- _Dataset excerpt_
——

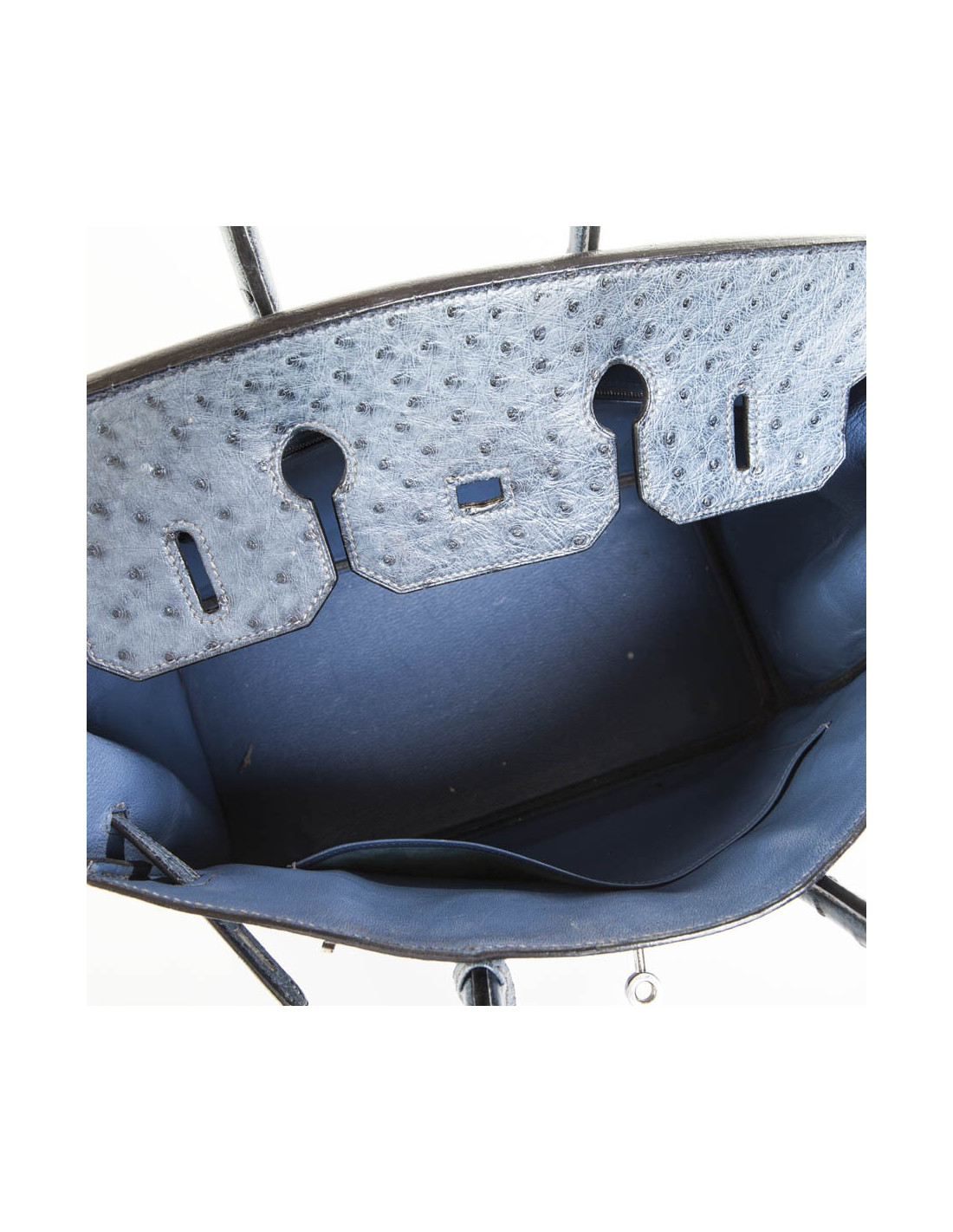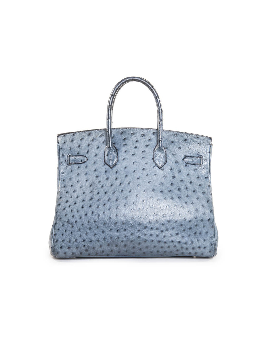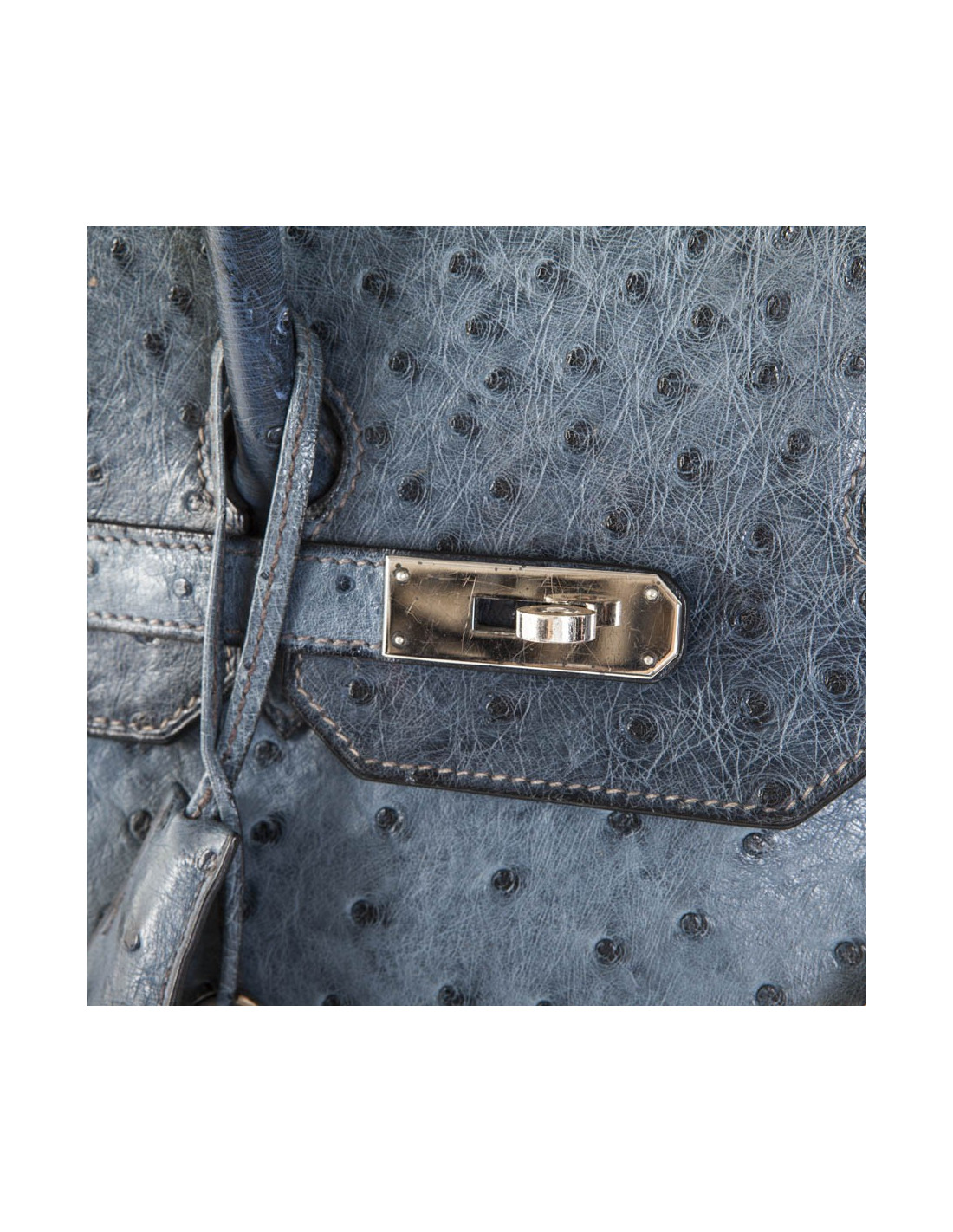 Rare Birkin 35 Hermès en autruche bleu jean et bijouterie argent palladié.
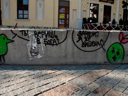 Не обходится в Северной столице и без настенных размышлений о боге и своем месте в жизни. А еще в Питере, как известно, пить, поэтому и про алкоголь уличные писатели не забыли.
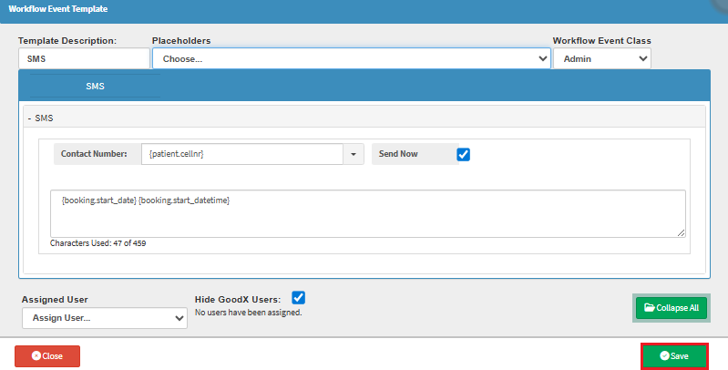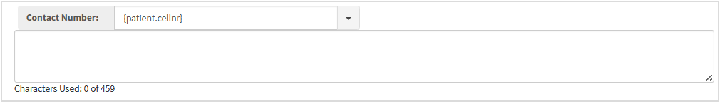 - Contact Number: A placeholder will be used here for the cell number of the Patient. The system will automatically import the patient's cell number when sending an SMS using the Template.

——

- _Try it_
No pictures should appear in the copy, which holds exactly the lines from the first line of the data through the line with "Не обходится в" and nothing else.

- _Solution to this exercise_
 Rare Birkin 35 Hermès en autruche bleu jean et bijouterie argent palladié.
 Не обходится в Северной столице и без настенных размышлений о боге и своем месте в жизни. А еще в Питере, как известно, пить, поэтому и про алкоголь уличные писатели не забыли.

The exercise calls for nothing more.